Abney et al. (Reference Abney, Paxton, Dale and Kello2014) also found more tapering for affiliative compared with argumentative conversations. This difference indicates that speakers can alter the degree of hierarchical temporal structure based on the mode of conversation. The authors conjectured that the argumentative conditions triggered more formal speech registers that, among other factors, caused speakers to enunciate more carefully and clearly compared with affiliative conversations in which speaking can be looser and more fluid. This conjecture is supported by the finding that hierarchical temporal structure changed in the prosodic timescales of hundreds of milliseconds and longer, rather than more fine-grained phonetic features that speakers may not be able to control. Since this first study, three other studies of speech under varying conditions have found similar effects that corroborate the original conjecture.

First, Kello et al. (Reference Kello, Bella, Médé and Balasubramaniam2017) compared hierarchical temporal structure measured in original TED talk recordings with those created by Google speech synthesis when reading transcripts of the talks. Allan Factor analysis showed that prosodic timescales for synthesized speech were devoid of temporal structure compared with original recordings, in that the Allan Factor function tapered off to a flat line. Given that the same words were spoken in both conditions, this result can be attributed to the failure of speech synthesis (at the time) to use prosody as a channel for communicating meaning and emotion.

Second, Ramirez-Aristizabal et al. (Reference Ramirez-Aristizabal, Médé and Kello2018) found that hierarchical temporal structure in prosodic timescales (and not the faster phonetic timescales) is more tapered for fast versus slow rates of speech. They instructed participants to read off a teleprompter excerpt from a speech by Barack Obama. The speed of the teleprompter was manipulated to be either slower or faster than the pace of the original speech to induce relatively slow versus fast speaking. Also, the original recording of Obama giving the speech was slowed down or sped up using an algorithm for manipulating speech rate without affecting pitch so that the result is relatively natural sounding. For both the algorithm and the teleprompter, tapering was less pronounced for slow speaking and more pronounced for fast speaking. Changing the pace of speaking has several effects of prosody (Jun, Reference Jun2003), but giving a slow and deliberate speech entails greater enunciation compared with “cutting corners” to get through a hasty speech. Indeed, hastened speech is more likely to sound flat, akin to a computerized voice.

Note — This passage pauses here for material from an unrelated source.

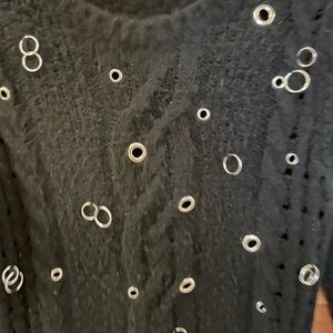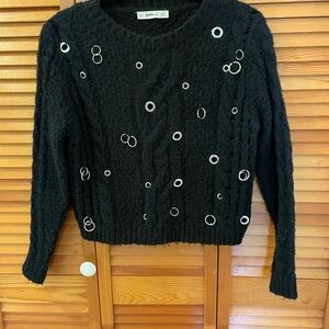 Great black chunky cropped sweater by Zara with a round neck, slip over, with an edgy feel with adorned silver circles on the front.

Third, Falk and Kello (Reference Falk and Kello2017) analyzed hierarchical temporal structure in recordings of mothers singing a song or telling a story in German to either their infants or adult confederates. Singing or speaking to their infants induced infant-directed speech, whereas doing the same for adults induced adult-directed speech. As one might expect given the prior two studies, hierarchical temporal structure was more pronounced in prosodic timescales (and again not the faster phonetic timescales) for infant-directed versus adult-directed speech (also see Chapter 38). The authors interpreted this result as indicating that mothers exaggerated prosodic information for their infants. Convergent evidence for purposeful exaggeration also came from Boorom et al. (Reference Boorom, Alviar and Zhang2022) who found that adult speech directed at children diagnosed with autism spectrum disorder had greater hierarchical temporal structure compared with typically developing controls. In both cases, exaggeration may serve to grab the child’s attention, and it could also serve to aid speech development and comprehension.

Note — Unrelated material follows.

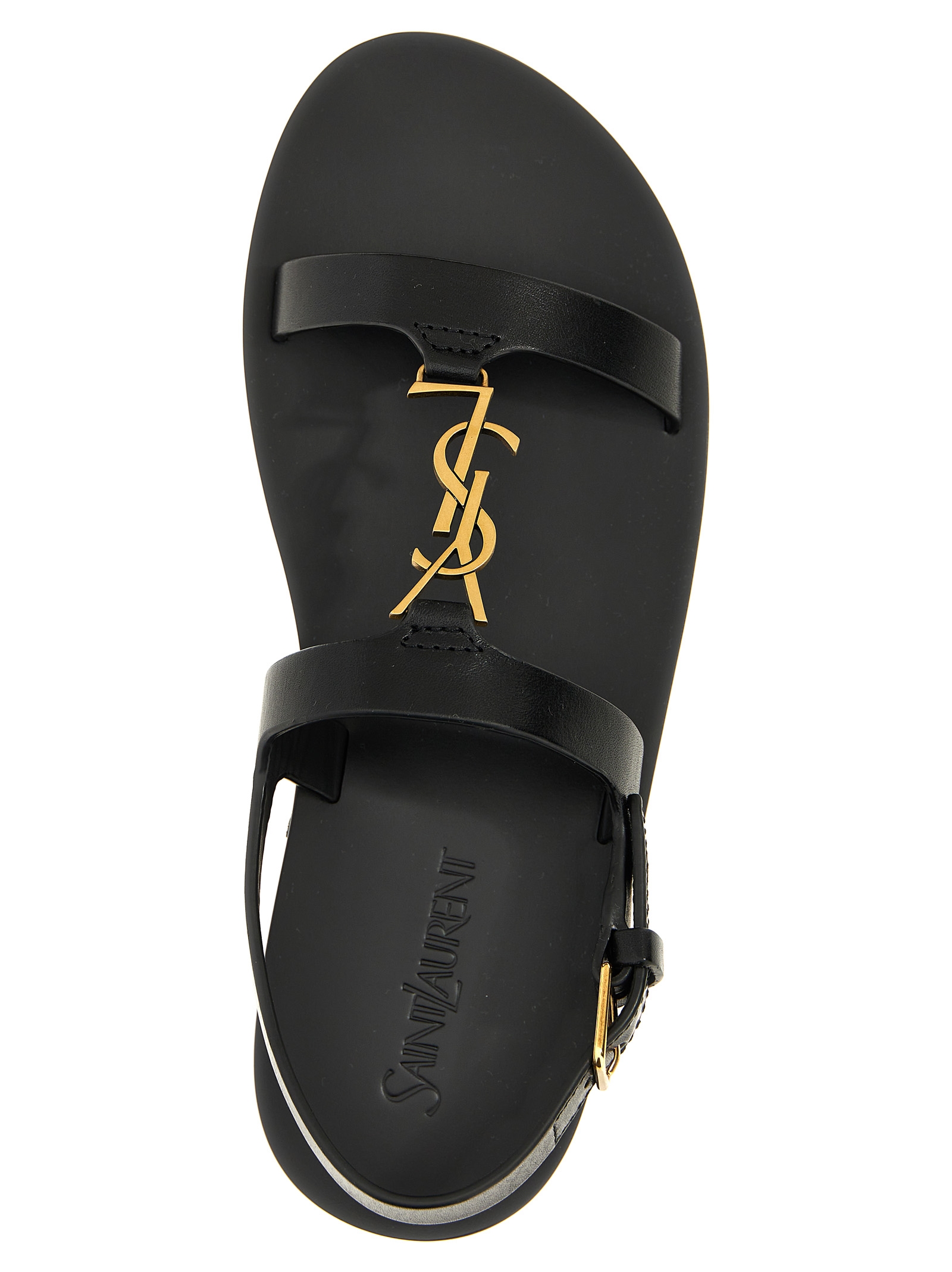 Leather sandals with antiqued effect metal ‘Cassandre’ logo on the front, adjustable strap, and leather sole.

The latter possibility leads to the hypothesis that hierarchical temporal structure may vary as a function of the degree of prosodic composition – that is, the presence and distinctiveness of prosodic boundaries and units as expressed in the speech signal. As with prosody in general, hierarchical temporal structure is hypothesized to carry information about meaning, intention, emotion, mode of interaction, and other possible channels of communication and coordination. On this hypothesis, tapering in hierarchical temporal structure occurs when these layers are less composed.

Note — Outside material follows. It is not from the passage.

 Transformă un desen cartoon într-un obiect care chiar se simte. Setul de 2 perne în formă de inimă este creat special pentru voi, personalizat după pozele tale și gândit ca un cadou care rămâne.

As a further test of the composition hypothesis, Kello et al. (Reference Kello, Bella, Médé and Balasubramaniam2017) tested whether different kinds of music might also vary in their degree of layering of temporal structure. The authors applied the same Allan Factor method of analysis to four different categories of music – contemporary pop, rap, jazz improvisation, and classical symphonies. The composition hypothesis predicts that symphonies should have the greatest degree of nested clustering because composers explicitly add layers of structure for each of the instruments. Results bore out the prediction, in that nested clustering increased steadily across all measured timescales, as in 1/f scaling, but only for classical music. By contrast, rap and popular music had bends in their Allan Factor functions that reflected their beat structure. More interestingly, jazz showed a degree of tapering in the longer timescales that was remarkably similar to the tapering for recordings of conversations. Jazz improvisation has been likened to a conversation among musicians (Sawyer, Reference Sawyer, Miell, MacDonald and Hargreaves2005), but heretofore there was little if any quantitative evidence for the comparison. The Allan Factor results support an underlying connection between prosody and music hypothesized in previous studies (Patel et al., Reference Patel, Peretz, Tramo and Labreque1998).

20.5 Conclusions

This chapter reviewed a growing body of evidence that speakers can control the rate of growth of temporal structure with timescales, referred to as the degree of hierarchical temporal structure. Evidence indicates that this control governs the amount of prosodic structure and composition in speech, possibly through a relative sharpening or blurring of prosodic units and boundaries. Studies show that the degree of hierarchical temporal structure reflects the difference between more hastened versus measured rates of speech (Ramirez-Aristizabal et al., Reference Ramirez-Aristizabal, Médé and Kello2018), more informal versus formal speech registers (Abney et al., Reference Abney, Paxton, Dale and Kello2014), adult-directed versus infant-directed speech (Falk and Kello, Reference Falk and Kello2017), and monologues versus dialogues (Kello et al., Reference Kello, Bella, Médé and Balasubramaniam2017).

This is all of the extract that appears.